Alergie warto szybko zdiagnozować

What is an allergy?

Allergy, also known as hypersensitivity, is an abnormal reaction of the body to substances present in our environment called allergens, which do not cause any symptoms in healthy individuals. Since allergy is an acquired reaction, prior contact with the substance causing symptoms is necessary for its development. Sometimes, a single or several contacts with an allergen are enough to develop an allergy, while in other cases, it develops after many years of such exposure.

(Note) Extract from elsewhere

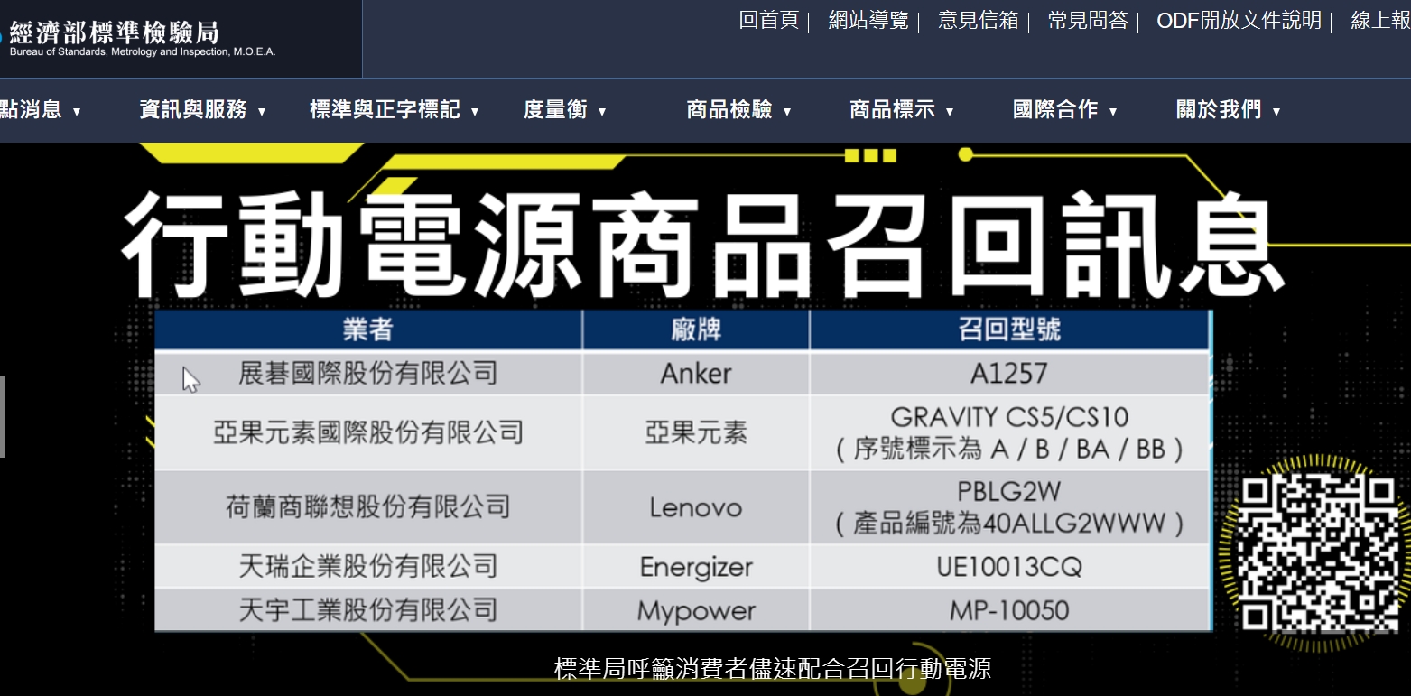 行動電源頻傳自燃!5品牌急召回近9萬顆 消費者自保關鍵一次看.(圖/翻攝 經濟部標檢局 網站)

It is estimated that 10-40% of the population suffers from allergic diseases. Both genetic predispositions and the environment we live in influence the development of allergies. If both parents have allergic diseases, the risk of developing allergies in their child reaches 50-70%, while in the case of one parent or sibling having the disease, the risk ranges from 20-40%. The most significant factors in the development of allergies include environmental pollution (dust, exhaust fumes, tobacco smoke), disturbances in the body’s microbiome, antibiotic misuse, excessive “sterilization” of our surroundings, lack of contact with nature, and stress. The first years of a child’s life and the prenatal period are also extremely important. Factors such as the method of delivery (cesarean section), breastfeeding duration (less than 6 months), the age of diet diversification in infants (delayed introduction of new foods), the timing of introducing formula (first days of life), and the use of antibiotics play a significant role.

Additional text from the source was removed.